U.S. Army Pfc. Cody Smith, an intelligence analyst from York, Pa., and U.S. Army Staff Sgt. Randie Lewis, a senior intelligence analyst from Watertown, N.Y., both with Headquarters Support Company, Task Force Mountain Eagle, 10th Combat Aviation Brigade, 10th Mountain Division, pack care packages at Bagram Air Field for soldiers in remote areas of Regional Command–East Dec. 18. (Photo by: U.S. Army Sgt. George Tucker)

BAGRAM AIR FIELD, Afghanistan – Pope John Paul II once said that “As the family goes, so goes the nation and so goes the whole world in which we live.”

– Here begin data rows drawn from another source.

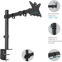 для мониторов • 10-34" • 1 монитор • настольный • поворотный • с регулировкой высоты • кабель-канал • струбцинное крепление • наклон 80° • поворот 360° • цвет черный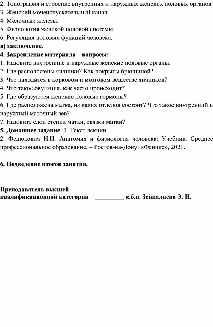 Тема занятия: Анатомия и физиология женской репродуктивной системы.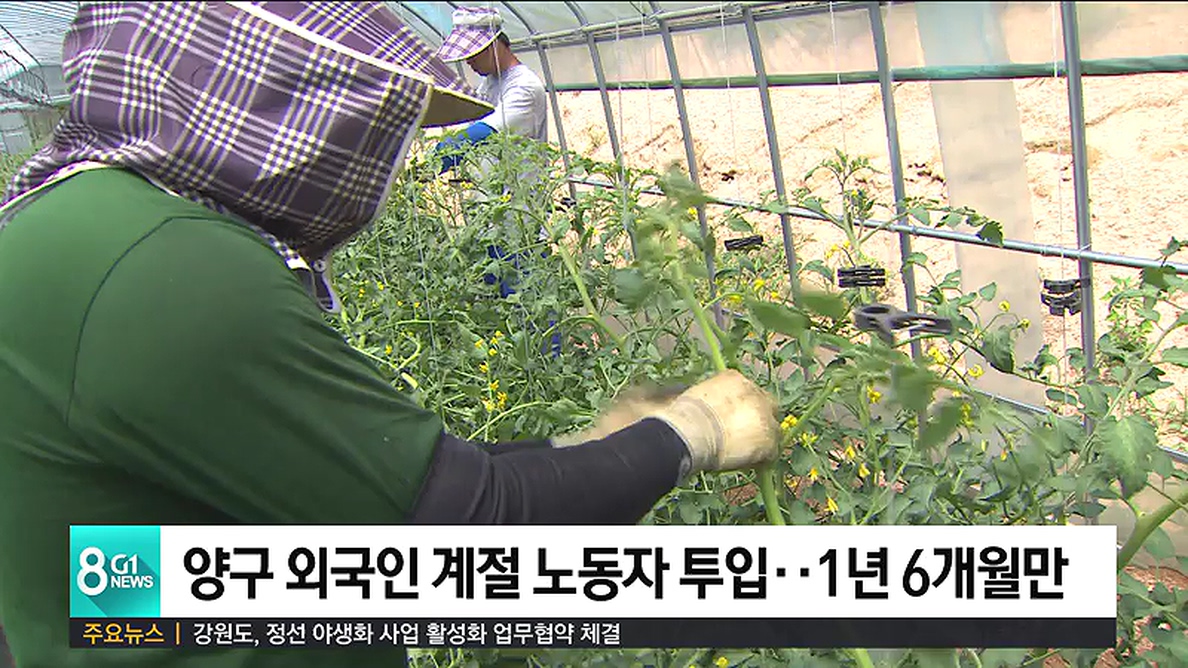 코로나19로 입국길이 막혔던 외국인 계절 노동자가 내일(13) 전국 최초로 양구군에 투입되면서 농촌 인력난에도 숨통이 트일 전망입니다.

As a nation at war a lot is asked of soldiers. One of the most difficult things soldiers are asked to do is to leave their families for up to a year, so soldiers often rely upon their families and strangers to send them care packages to bring them joy in these trying times.

U.S. Army Pfc. Cody Smith, an intelligence analyst with Headquarters Support Company, Task Force Mountain Eagle, 10th Combat Aviation Brigade, 10th Mountain Division, and his family have decided to contribute to Operation Enduring Freedom in their own way.

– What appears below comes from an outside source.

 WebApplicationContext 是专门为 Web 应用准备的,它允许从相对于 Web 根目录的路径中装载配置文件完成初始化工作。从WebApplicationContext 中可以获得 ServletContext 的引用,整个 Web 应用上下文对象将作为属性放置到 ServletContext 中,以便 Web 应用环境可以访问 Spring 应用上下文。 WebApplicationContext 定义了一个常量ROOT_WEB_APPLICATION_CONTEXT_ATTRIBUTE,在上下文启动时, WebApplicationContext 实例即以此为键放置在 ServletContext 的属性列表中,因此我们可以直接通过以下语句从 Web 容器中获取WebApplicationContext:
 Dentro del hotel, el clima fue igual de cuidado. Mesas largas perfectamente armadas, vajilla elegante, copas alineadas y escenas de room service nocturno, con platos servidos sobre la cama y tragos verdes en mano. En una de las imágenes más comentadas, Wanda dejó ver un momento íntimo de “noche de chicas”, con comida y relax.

Smith and his family send care packages to the soldiers of Task Force Mountain Eagle who are located at various forward operating bases and combat outposts in eastern Afghanistan. Smith’s family, which has contributed to this endeavor, consists of his parents Richard and Vickie Smith, sister Carly Smith, brother Colin Smith, and his fiancée Kendra Martinez – all hailing from York, Pa.

The Smith family has sent more than 30 packages to soldiers in the outlying FOB's and COP's. Although many churches and organizations send packages to individual companies, platoons or sections throughout the task force under the Adopt-a-Platoon program, Smith and his family are separate. Instead of adopting a platoon, they’ve adopted the entire battalion.

“We want to send things to the soldiers because they are away from their families and friends for the holidays and we also miss them,” Vickie said. “It makes us feel like we are spreading good cheer and bringing a piece of home to all of [the soldiers]... It makes us feel like we are sharing Christmas around the world.”

Smith and his squad leader U.S. Army Staff Sgt. Randie Lewis, a senior intelligence analyst with HHC, TF Mountain Eagle, have spent many hours putting together and sending care packages.

“It is a pleasure to assist my soldier and his family to bring joy to the soldiers of the unit,” said Lewis, a Watertown, N.Y., native.

“I couldn’t have done this without my mom, brother, sister, dad, fiancée, and my mother’s friend, Darlene,” Smith said. “They have sent me over 30 packages and they all contain things for the soldiers. They are the ones who made this possible... They took their money and all the donations of items and sent them to me so that I can give them to whoever needs them. I did this because I had the supplies and the time to package the boxes up and send them out with the help of Staff Sgt. Lewis.”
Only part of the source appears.